● **Goal of the exercise**
Where an entry holds an image, leave the image out; otherwise reproduce the entry exactly.

● **Task inputs**
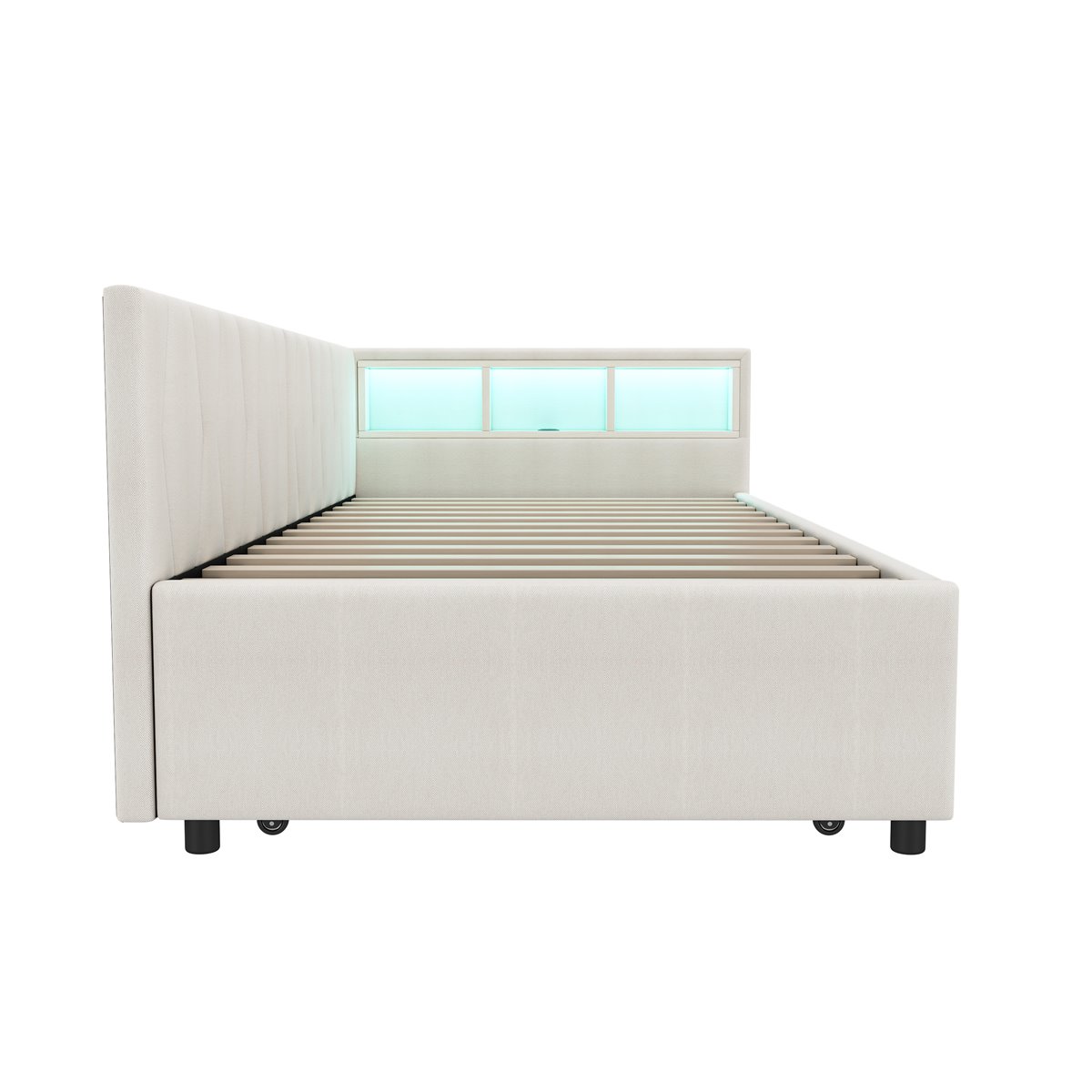 Disfruta de un dormitorio más práctico y organizado con este elegante y multifuncional Daybett. Con un diseño moderno y funcional, combina una cama de 90x200 cm con un práctico sofá, perfecto para optimizar el espacio en habitaciones pequeñas. El cabezal incorpora múltiples compartimentos de almacenamiento para mantener el orden en tu habitación, y su sistema de luz ambiental LED con control remoto crea una atmósfera romántica y acogedora. Además, con puertos de carga USB y Tipo C, podrás cargar tus dispositivos de manera cómoda y sin complicaciones. Un diseño ideal para quienes buscan comodidad y eficiencia en su espacio.
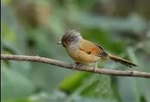 栗额斑翅鹛是噪眉科、斑翅鹛属中型鸟类,体长20-23厘米。头顶具浓密的羽冠,前额栗棕色,头顶灰褐色。上体棕褐色,两翅棕褐色具黑色横斑,翅基外缘有一黑斑,尾呈凸状,棕褐色具黑色横斑。下体棕褐色,…全部>>
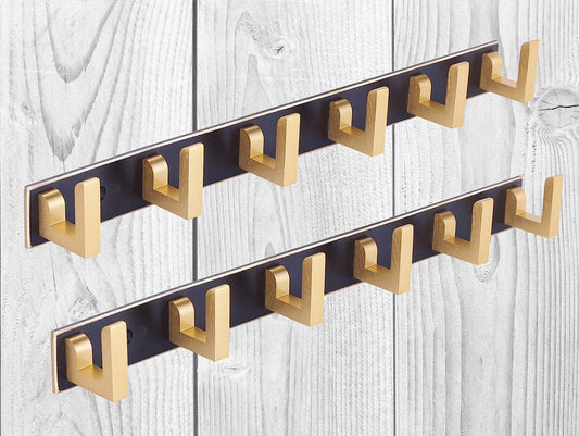 DOCOSS-Exclusive Extra Long 40 cm Gold Black 6 Pin Metal cloth hangers for wall Door Cloth Hook Bathroom Wall Hooks Rail for Hanging Clothes,Towel Bathroom Accessories
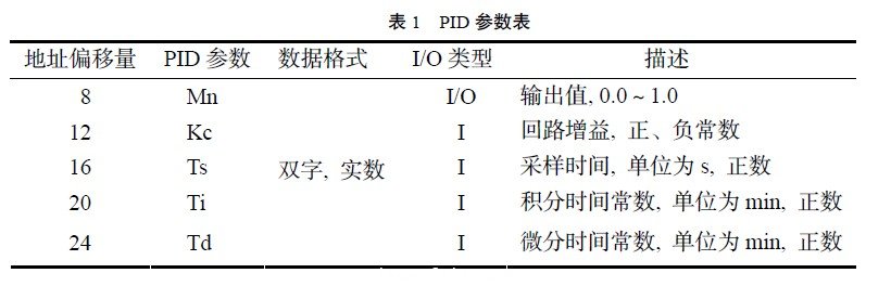 PID 指令根據(jù)表格(TBL)中的輸入和配置信息對(duì)引用LOOP執(zhí)行PID 循環(huán)計(jì)算。在執(zhí)行PID 指令前, 要建立一個(gè)參數(shù)表, 一般要對(duì)表1 中的參數(shù)進(jìn)行初始化處理。
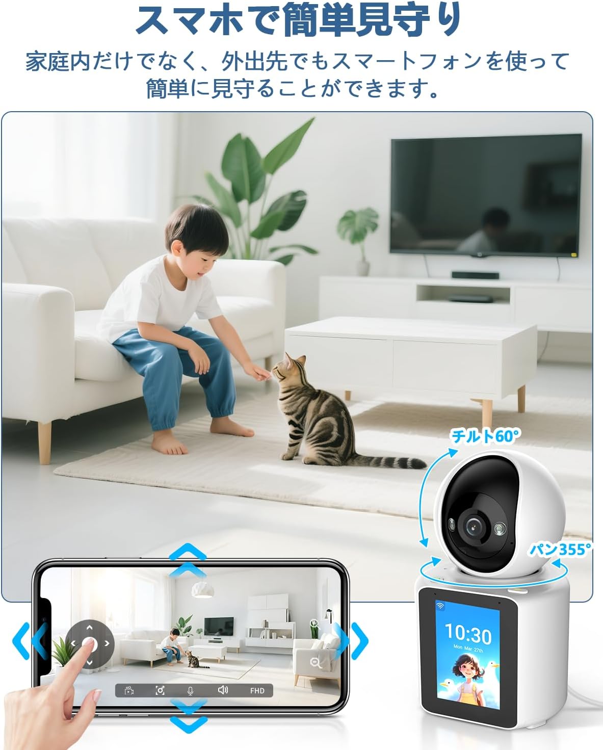 - {水平355° 垂直60°} 水平355度、垂直60度の広範囲をカバーする回転機能を備えており、家のどの角度からでも監視が可能です。これにより、家の安全を一層強化できます。

● **Response to the exercise**
 Disfruta de un dormitorio más práctico y organizado con este elegante y multifuncional Daybett. Con un diseño moderno y funcional, combina una cama de 90x200 cm con un práctico sofá, perfecto para optimizar el espacio en habitaciones pequeñas. El cabezal incorpora múltiples compartimentos de almacenamiento para mantener el orden en tu habitación, y su sistema de luz ambiental LED con control remoto crea una atmósfera romántica y acogedora. Además, con puertos de carga USB y Tipo C, podrás cargar tus dispositivos de manera cómoda y sin complicaciones. Un diseño ideal para quienes buscan comodidad y eficiencia en su espacio.
 栗额斑翅鹛是噪眉科、斑翅鹛属中型鸟类,体长20-23厘米。头顶具浓密的羽冠,前额栗棕色,头顶灰褐色。上体棕褐色,两翅棕褐色具黑色横斑,翅基外缘有一黑斑,尾呈凸状,棕褐色具黑色横斑。下体棕褐色,…全部>>
 DOCOSS-Exclusive Extra Long 40 cm Gold Black 6 Pin Metal cloth hangers for wall Door Cloth Hook Bathroom Wall Hooks Rail for Hanging Clothes,Towel Bathroom Accessories
 PID 指令根據(jù)表格(TBL)中的輸入和配置信息對(duì)引用LOOP執(zhí)行PID 循環(huán)計(jì)算。在執(zhí)行PID 指令前, 要建立一個(gè)參數(shù)表, 一般要對(duì)表1 中的參數(shù)進(jìn)行初始化處理。
 - {水平355° 垂直60°} 水平355度、垂直60度の広範囲をカバーする回転機能を備えており、家のどの角度からでも監視が可能です。これにより、家の安全を一層強化できます。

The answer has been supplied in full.